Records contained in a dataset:
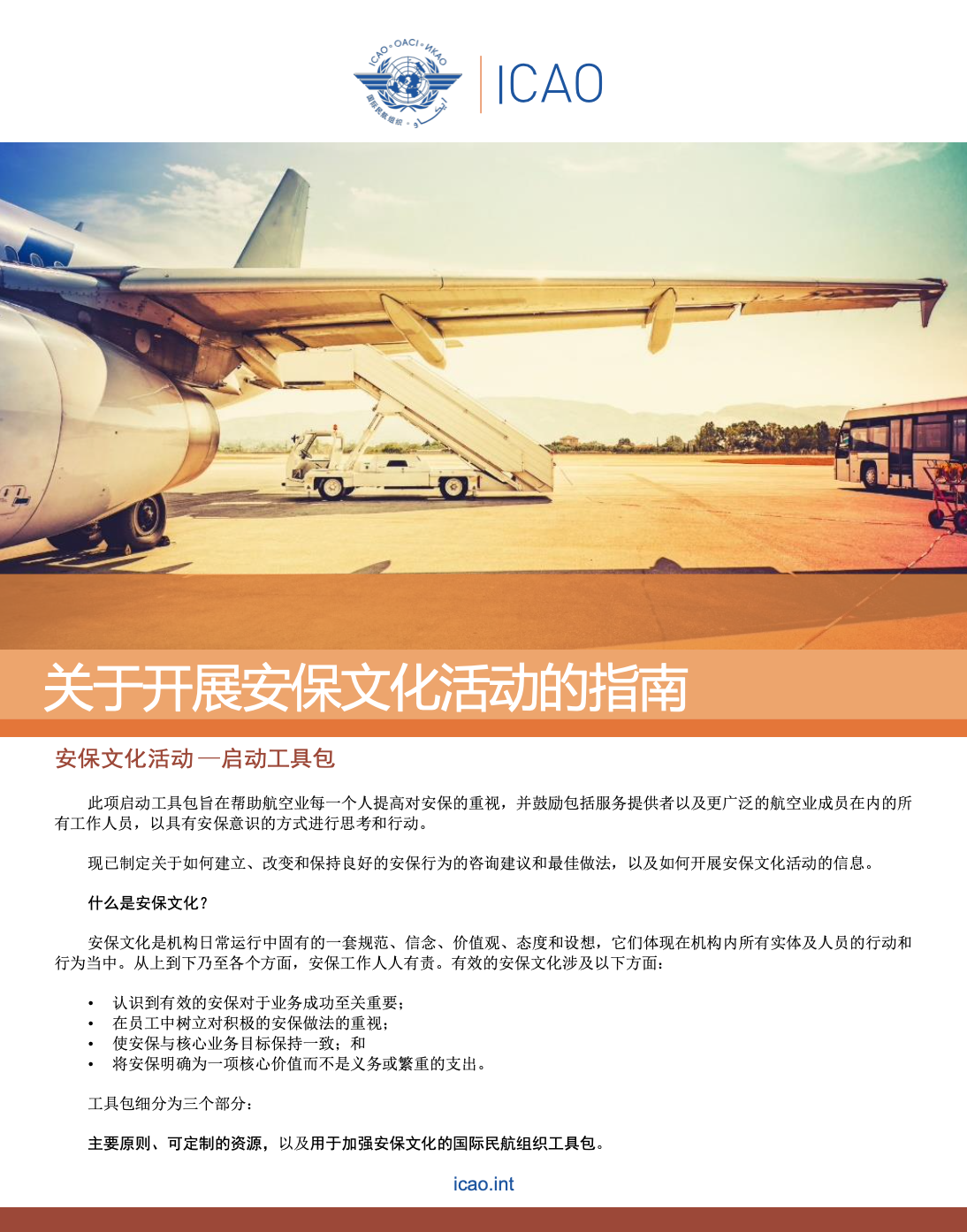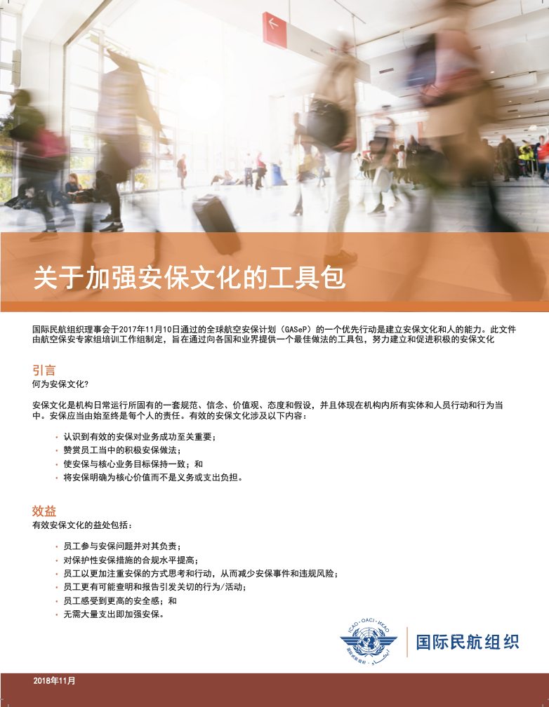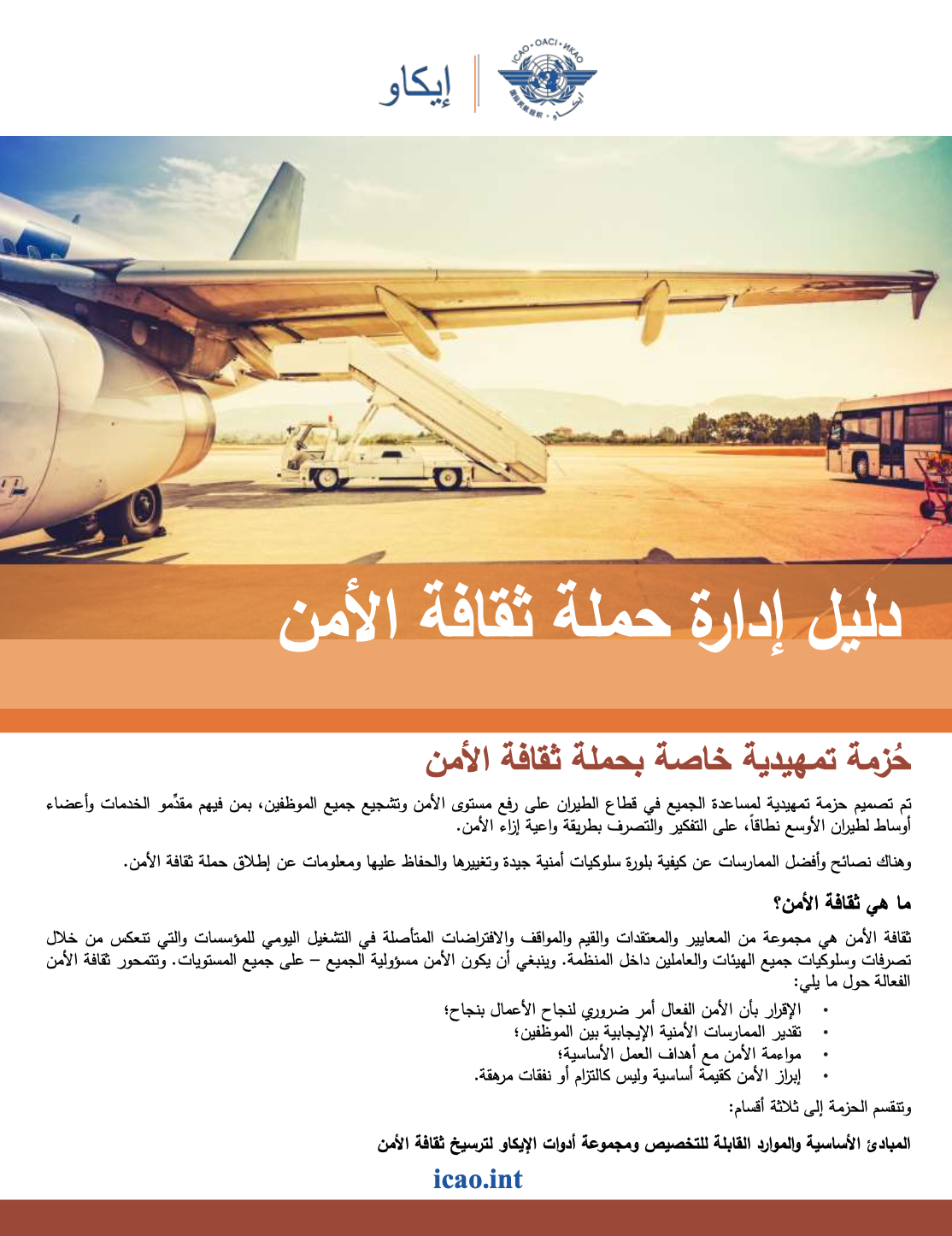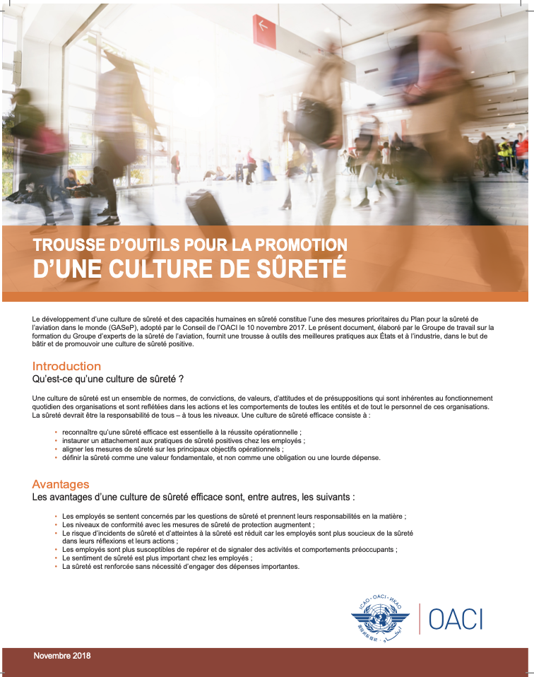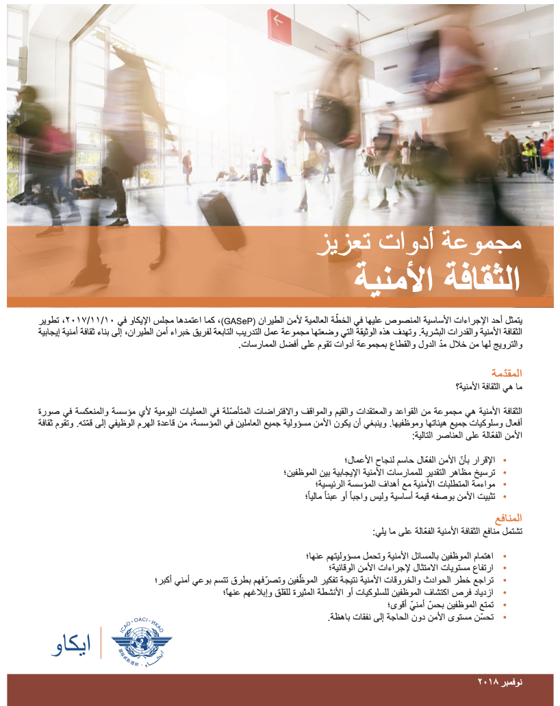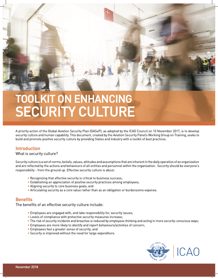 In conjunction with the ICAO AVSEC Panel’s Working Group on Training, ICAO has produced a Toolkit on Enhancing Security Culture in each of the ICAO languages.
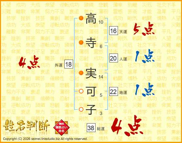 高(10画)寺(6画) 実(14画)可(5画)子(3画)
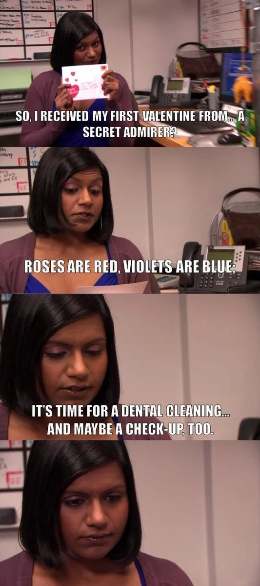Now, of course, jokey, Vinegary Valentines are just as common. Take this example from The Office:
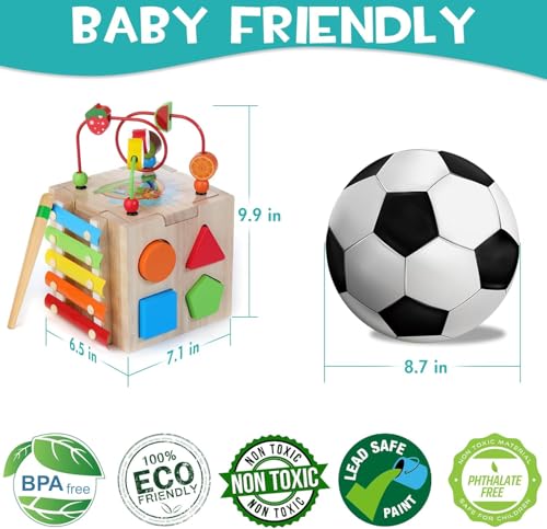 Specification: HELLOWOOD Wooden Activity Cube Baby Toys, 8-in-1 Montessori Educational Toy Set, Bead Maze Shape Sorter Abacus Xylophone Words & Clock Learning, STEM Toys for Boys Girls Toddlers Age 18 Months and up
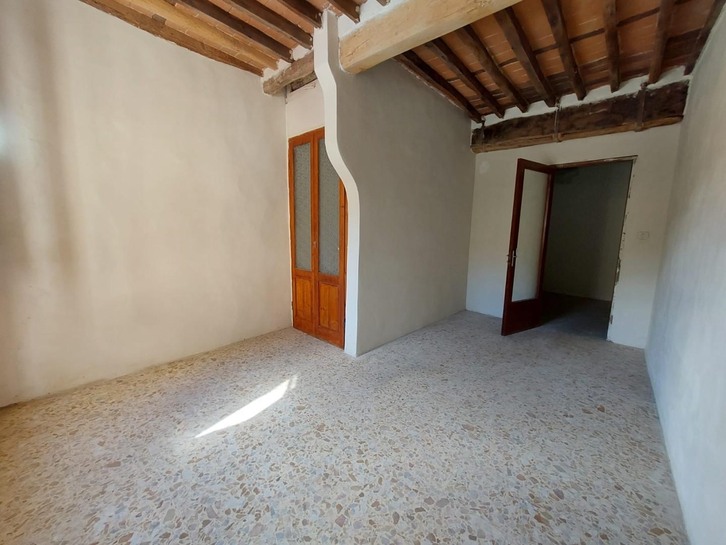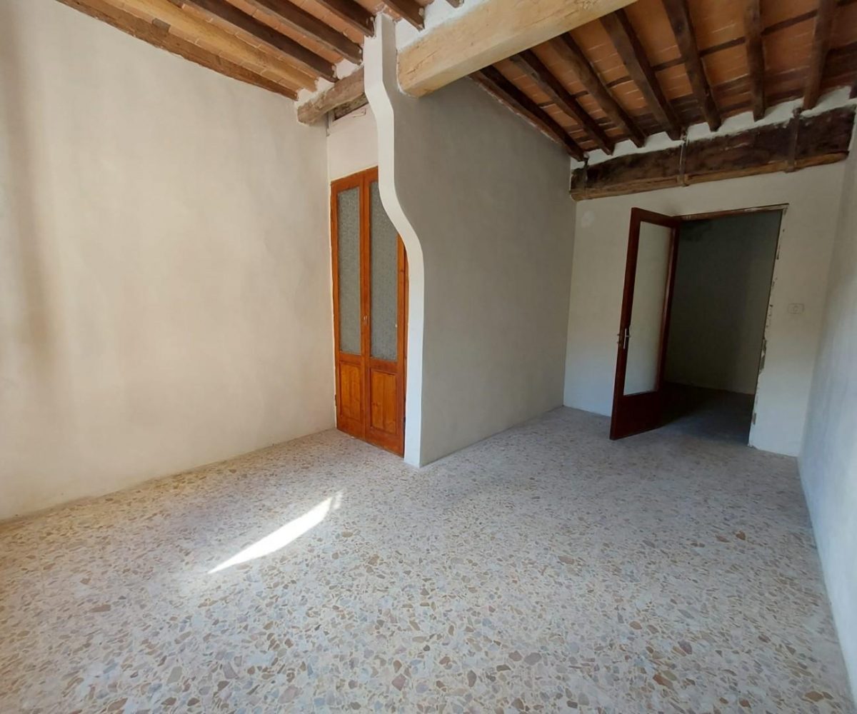 Buti — NOSTRA ESCLUSIVA — In prossimità della piazza principale vendesi appartamento posto al primo piano di una palazzina di sole 3 unità abitative (NO SPESE CONDOMINIALI). L'immobile si compone in: ingresso, ampio soggiorno con ripostiglio, cucina abitabile, 2 camere matrimoniali, bagno e ulteriore ripostiglio sottoscala. Completa la proprietà una terrazza abitabile di proprietà esclusiva. Posizione strategica vicina a tutti i servizi. Possibilità di acquistare a parte un fondo commerciale di circa 70 mq posto al piano terra con resede e cantina Classe energetica: G – Rif. 1676-L
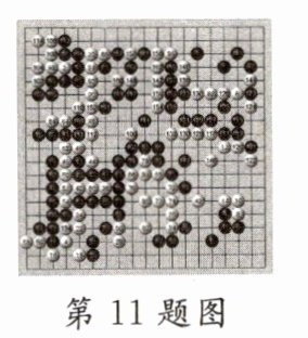 11. 围棋起源于中国,中国古代称为“弈”,距今已有4000多年的历史,如图所示,棋子被吸附在竖置的磁性棋盘上保持静止,此时棋子受到的重力和棋盘对棋子的__

**ASSIGNMENT**
Using the data above, give again exactly the lines starting at the one holding "高(10画)寺(6画) 実(14画)可(5画)子(3画)" and ending at the one holding "Specification: HELLOWOOD Wooden", inclusive, and nothing more. Omit the pictures.

**RESULT FOR THIS TASK**
 高(10画)寺(6画) 実(14画)可(5画)子(3画)
Now, of course, jokey, Vinegary Valentines are just as common. Take this example from The Office:
 Specification: HELLOWOOD Wooden Activity Cube Baby Toys, 8-in-1 Montessori Educational Toy Set, Bead Maze Shape Sorter Abacus Xylophone Words & Clock Learning, STEM Toys for Boys Girls Toddlers Age 18 Months and up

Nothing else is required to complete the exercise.